This is the first post of the eight-part“Business Breakthrough” series, in which small business owners share the biggest regrets, best advice, and hardest lessons of their careers. “Business Breakthrough” is sponsored by Capital One Spark. See more posts in the series »
Bottle & Bottega business partners Stephanie King-Myers and Nancy Bigley say that the hardest part about turning a small business into a franchise is finding the right people.
“You have to be diligent about saying, ‘no.’ There are people who will want to buy into your brand, but we say ‘no’ more often than we say ‘yes,'” Bigley said. “It has to be the right person, and if we’re not comfortable with that person, it’s better to say no for the long-term. That’s tough when you’re trying to build.”
Started by King-Myers as a mobile model in 2009, Bottle & Bottega brings art lessons and wine together in a single space (Bottega is an Italian word for a studio where a master artist paints and students come to learn).

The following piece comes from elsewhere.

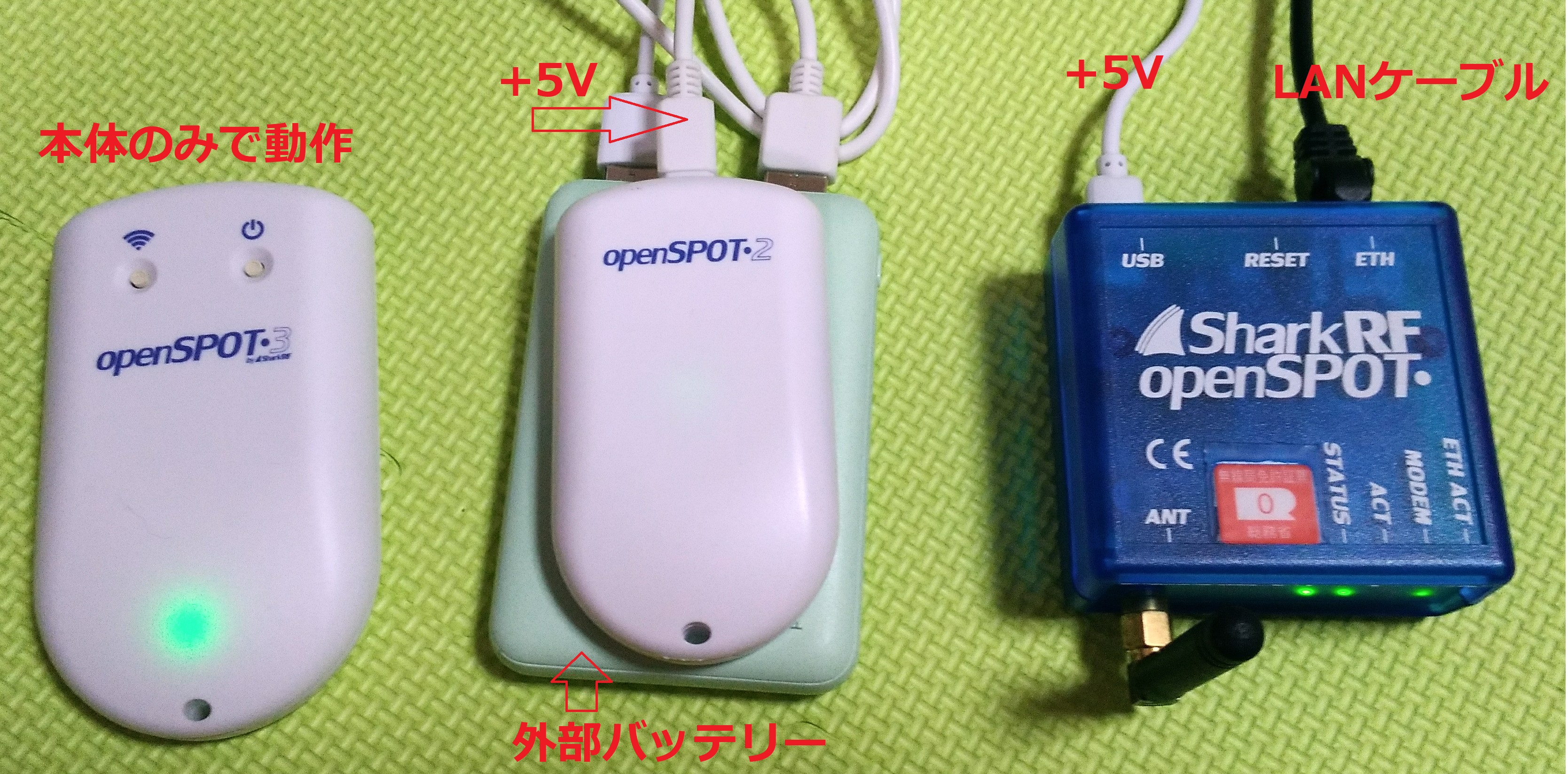 | Von li. nach re. Openspot3, Openspot2, und Openspot (1. Generation) 左から、”Openspot3”、”Openspot2”、”Openspot”。 通信に必要なソフトは本体に内蔵しています。 |

The start-up quickly hired Bigley, a franchise industry veteran who has worked for corporations like Dunkin’ doughnuts and The Dwyer Group.
Within two years, Bottle & Bottega had undergone a name change (previously “Bottle & Brushes”), started franchising, and hugely over-performed: their three-year business projection paled in comparison to their actual growth.
Though the duo has eight—soon to be nine—franchise and corporate studios under their belt, as they pursue “slow, but aggressive growth.”
King-Myers also weighed in on the challenges of working remotely, a trend gaining traction in some workplaces and losing ground in others.
“The thing about it is, you have to be disciplined,” King-Myers said. “You really have to set your hours and when you own your own business, you really have to make time for yourself to walk away from your business … It’s great because you’re building something and watching it grow, but it’s so important to achieve that balance.”
While King-Myers told Business Insider that she had no regrets about the pace of their growth, Bigley said that she wished for a few extra hands in the beginning stages.
“We were really wearing ourselves thin,” Bigley said. “You’re brand new, you have these projections and you’re exceeding the projections and then you think, ‘is this going to last?’ and the last thing you want to do is bring somebody on earlier than you anticipated and then things might not last, then all of the sudden you don’t need that person.”
Bottle & Bottega has locations in Colorado, Illinois, New Jersey, Oregon, and Florida, though the team is on the cusp of domestic and international expansion.